Here`s the question. Why can`t Congress do the same thing with semiautomatics? I know we`ve got millions of them, whatever -- can`t we start to regulate? We don`t have to regulate a shotgun or a regular pistol with a revolver or anything, but if you go into the semiautomatic level, why don`t we say that`s like the automatic level? Just go with that?

DURBIN: I can tell you this, Chris...

MATTHEWS: The courts would have to approve it because they approved the earlier one, didn`t they? Isn`t there a precedent?

DURBIN: They did. They did. And even after the Heller decision, the Supreme Court told us there were reasonable limits that Congress could impose when it came to firearms.

There are two groups that I think are essential to the success of this effort.

MATTHEWS: OK.

DURBIN: First, sportsmen and hunters. And let me tell you, Chris, I know plenty of them in my family and all around downstate Illinois. They`re good people. They`re good citizens. They hate what happened in Newtown, Connecticut, as much as we do. We need them as part of this conversation.

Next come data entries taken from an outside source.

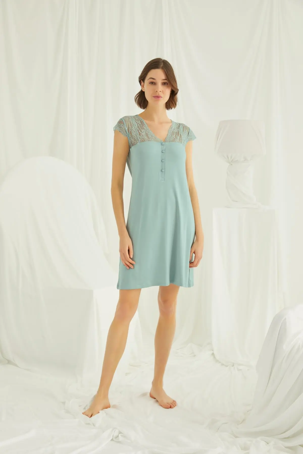 Kolu Omzu ve Yakası Dantelli Önü Düğmeli Açık Yeşil Gecelik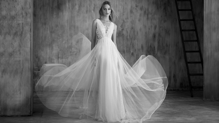 Los vestidos son los grandes protagonistas de la colección en sus diferentes largos tanto en novia como en fiesta, donde encontraremos diversos tejidos como brocados, Jacquard y multitud de sedas enriquecidas con bordados de pedrería que las hacen únicas.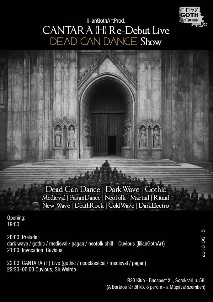 A Molnár Lujó vezetésével 2004-ben alakult CANTARA - 3 év kihagyás után, repertoárját sok új dallal bővítve - június 15-én újra színpadra áll. Molnár Lujót sokan ismerhetitek a VHK-ból, amelynek régóta oszlopos tagja. A Cantara, Lujó saját zenei vállalkozása, mely a mára már igen tágan értelmezhető gothic irányzat egyik hazai különlegessége. A zenekar saját dalaival már 2004 óta koncertezik. A Dead Can Dance nyomdokán elindulva írta első dalait, de sokat merített az archaikus népzenéből, a népi muzsikából, a középkori zenei miszticizmusból és a történelmi korok zenéiből is. Ezt ötvözi a modern klasszikus zenei elemekkel.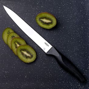 Descrição 1000 caracteres - Praticidade e segurança para o seu dia a dia com a Faca para Cozinha 7 polegadas (30,5 cm) aço inoxidável polido, temperado com tratamento térmico e cabo preto Cross Brinox ideal para todos os tipos de corte. É o produto versátil que completa a sua linha de facas prontas para o uso no seu dia a dia. A Faca de Cozinha proporciona uma excelente afiação por um longo período de tempo. Assim como as demais facas da linha Cross, a Faca Cozinha é durável e eficiente durante o uso. Os cabos ergonômicos em polipropileno, na cor preto possuem textura antiderrapante, são ideais para uso diário no preparo de diversos tipos de alimento, proporcionando maior praticidade durante o corte e limpeza da faca. É leve e segura para cortar, picar e fatiar todos os tipos de alimentos. E para completar a sua experiência na cozinha conheça também a linha completa de facas Cross, afiadores de facas Brinox e tábuas de bambu para corte Haus, você vai brilhar no preparo de alimentos.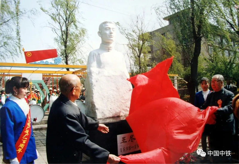 1994年4月28日,原冀热辽军区司令员、原交通部党组书记、中顾委委员李运昌与革命先烈王尽美之子、原吉林省军区副司令员王乃征为中铁山桥王尽美塑像揭幕。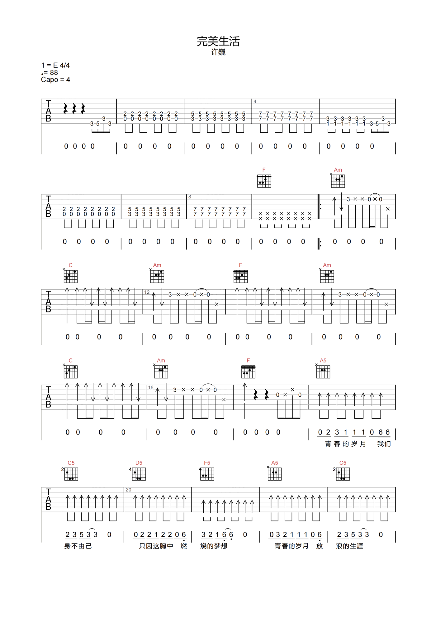 曲谱介绍: 《完美生活》吉他谱,许巍演唱的歌曲,《完美生活》吉他弹唱谱,选用C调指法,原调E调,速度控制88拍每分钟,节奏4/4拍,难度5级适中,带前奏精细原版编配,下方附本曲谱的PDF下载。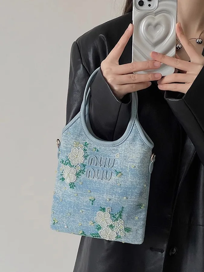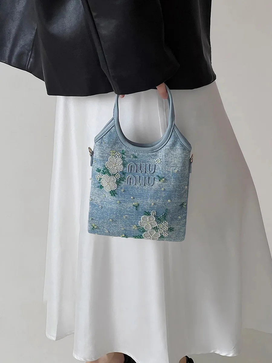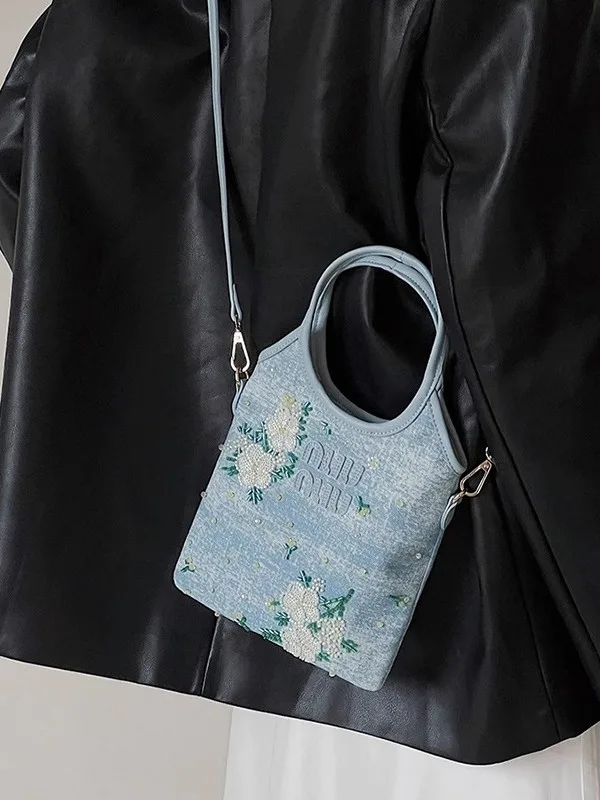 Women’s handbag and shoulder bag, code 3443, with an embroidered design, showcases a blend of art and functionality. The body and lining of this bag are made from high-quality denim fabric, which provides both high durability and a chic, distinctive appearance. The delicate embroidery on the bag adds a sense of creativity and beauty to everyday style. In addition to its visual appeal, this bag offers ample space for everyday items and is an excellent choice for use at university, shopping, or friendly gatherings.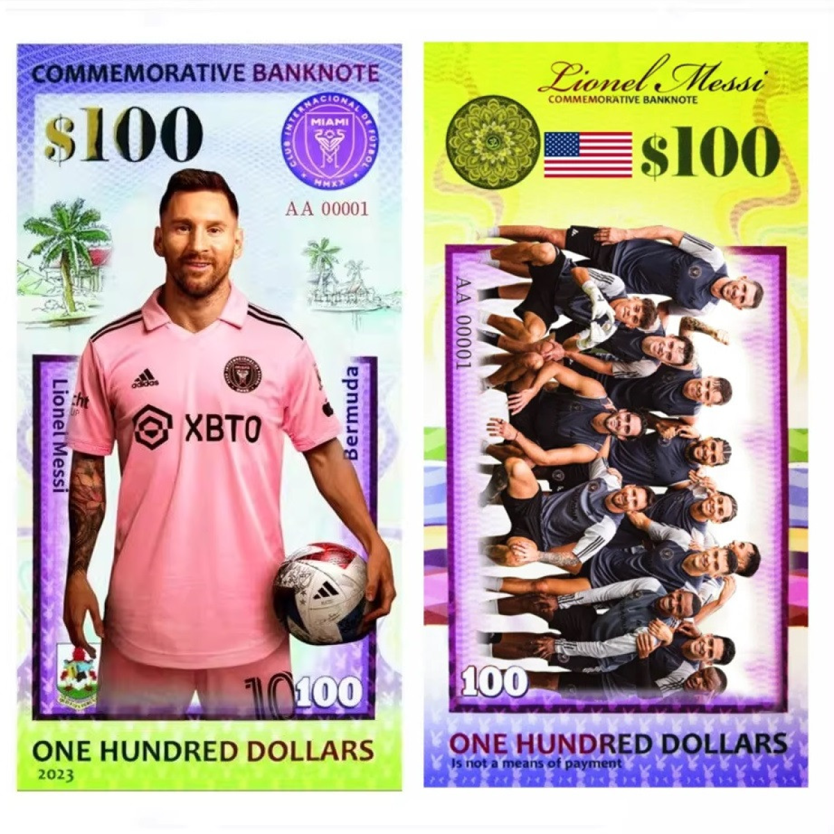 На зображенні представлені дві пам“ятні банкноти номіналом 100 доларів, присвячені Ліонелю Мессі. (турнір Мессі в Маямі)

And the second group that has to step up is law enforcement.

MATTHEWS: Right.

DURBIN: There was a time when they spoke out against these terrible weapons of death. We need them again to be part of this conversation.

MATTHEWS: Well, I would ask why would anybody out there want the criminal to be heavier armed than the policeman. He`s got a little 9-millimeter job or a .38 police special, and somebody comes in with this assault rifle.